Imperial Chemical Industries (ICI) operated here until the late 1990s on three chemical sites at Wilton, Billingham and Seal Sands. ICI was broken up, and its many chemical manufacturing units are now operated by a large number of companies that have acquired its assets. The Centre for Process Innovation (CPI), a national innovation catapult, is based at the Wilton Centre, the former corporate headquarters of ICI, which has become a multi-company research and development centre: along with CPI there are now some 60 other companies, including the cluster body NEPIC, using these R&D and business development facilities. This centre is now one of Europe's largest R&D facilities focusing on developments in the chemistry-based process industries.

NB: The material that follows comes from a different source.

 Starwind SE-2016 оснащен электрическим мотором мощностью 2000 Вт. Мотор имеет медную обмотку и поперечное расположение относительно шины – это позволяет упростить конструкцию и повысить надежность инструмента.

The area is a chemicals processing area, but recently it has diversified to become the UK's leading site for renewable biofuel research. This industrial activity is taking place in a collaborative environment facilitated by the economic cluster body, the North East of England Process Industry Cluster (NEPIC).

Hartlepool has a nuclear power station, and there is a conventional CHP power station and a biomass power station operated by Sembcorp on the Wilton chemical site.Hereema Fabrication Group make North Sea platforms at the A1048/A179 roundabout in Hartlepool.

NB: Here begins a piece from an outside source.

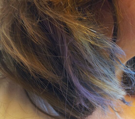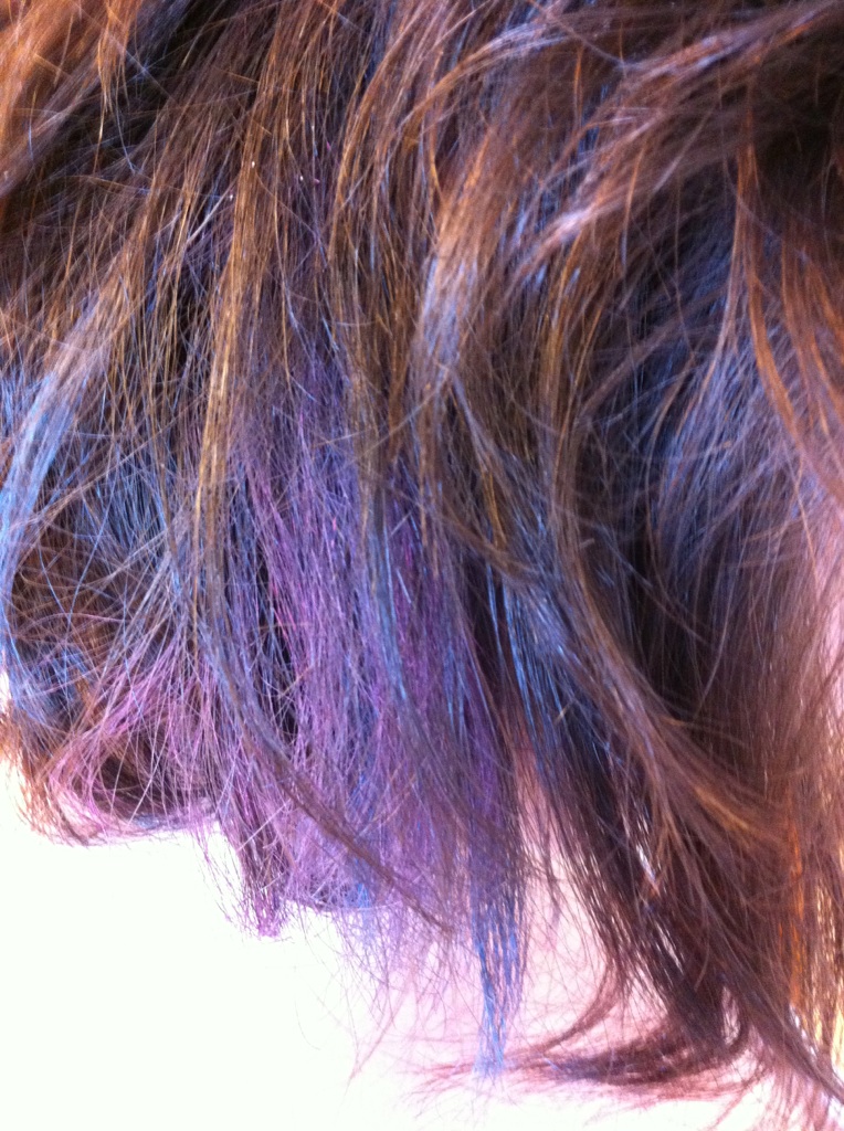 We wanted to chalk under layers, so we clamped up the top hair layer. Then we chose colors. I picked two shades of blue and a purple, she chose pink and blue.

Wilton Engineering's 50 acre fabrication and maintenance site is in Port Clarence. Barker and Stonehouse make furniture north of Middlesbrough next to the A66/A178 junction. The Teesside Steelworks near Redcar was the biggest blast furnace in Europe and was operated in its final years by Sahaviriya Steel Industries (SSI). Tata Steel Europe operate a pipe works at Hartlepool, whilst British Steel operate a heavy beam mill near Middlesbrough and a special sections mill at Skinningrove Steelworks. Able UK operate the biggest dry dock in the UK near Seaton Carew, Hartlepool where ships can be dismantled and oil rigs can be dismantled or refurbished.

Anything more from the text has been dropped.